Readers online had a lot to say.
“You can bring these animals back physically, but many animal species also have culture and cultural evolution,” reader Greg wrote. “How are we to resurrect that?”
Whether some animals have culture is hotly debated. Another reader agreed that resurrected species’ behaviors should be considered. “But that could be something that emerges naturally as they interact with the environment,” MJF Images wrote. “These animals would not be the same as those that went extinct,” and may have different behaviors.
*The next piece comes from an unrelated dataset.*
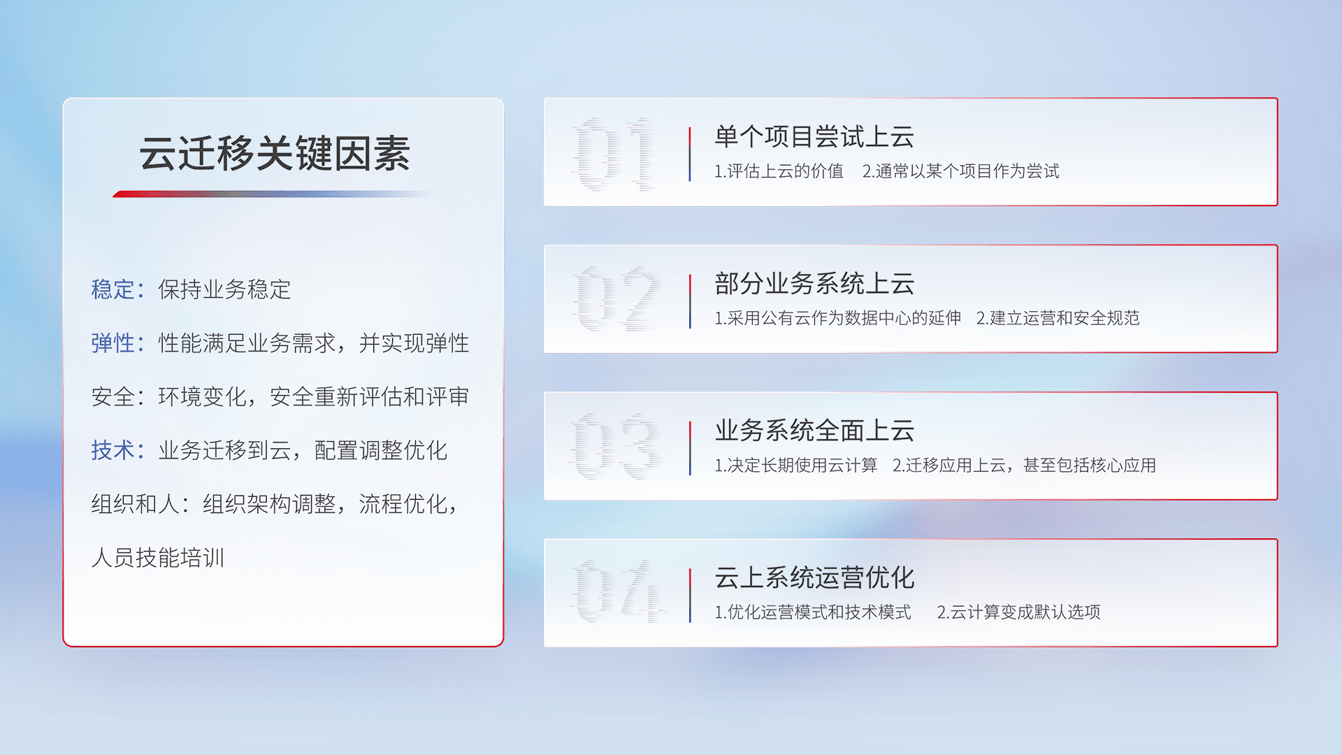 结合实际业务,,,,从规划设计、、云平台选型、、云原生改造、、、数据迁移、、集成交付,,,,迁移全过程为客户识别最佳上云路径,,,做好风险识别管理,,,设计网络架构、、、、身份权限、、、安全审计合规、、、操作审计、、日志审计、、、、监控告警策略、、、、多站点容灾设计等,,,,对云上基础设施进行整体规划,,,,提升IT治理水平,,以满足弹性、、、高可用、、、高性能的需求。。

Reader John Turner noted that some breeding programs for endangered species already account for environment. For example, conservationists have reared endangered California condors using condorlike hand puppets and minimal human contact, Turner wrote. To resurrect the woolly mammoth, “we shall require numerous copies of the Mr. Snuffleupagus costume,” he joked.
Corrections
In “50 years ago, engineers tried catching commercial planes in nets” (SN: 10/28/17, p. 4), the description of the nets used in airplane arresting systems in 1931 is incorrect. The nets were not made of nylon until after the material was invented in 1935. Instead, the nets were most likely made of canvas.
The photo of the whiptail lizard featured in “Defining ‘species’ is a fuzzy art” (SN: 11/11/17, p. 22) should have been credited to Roger Shaw.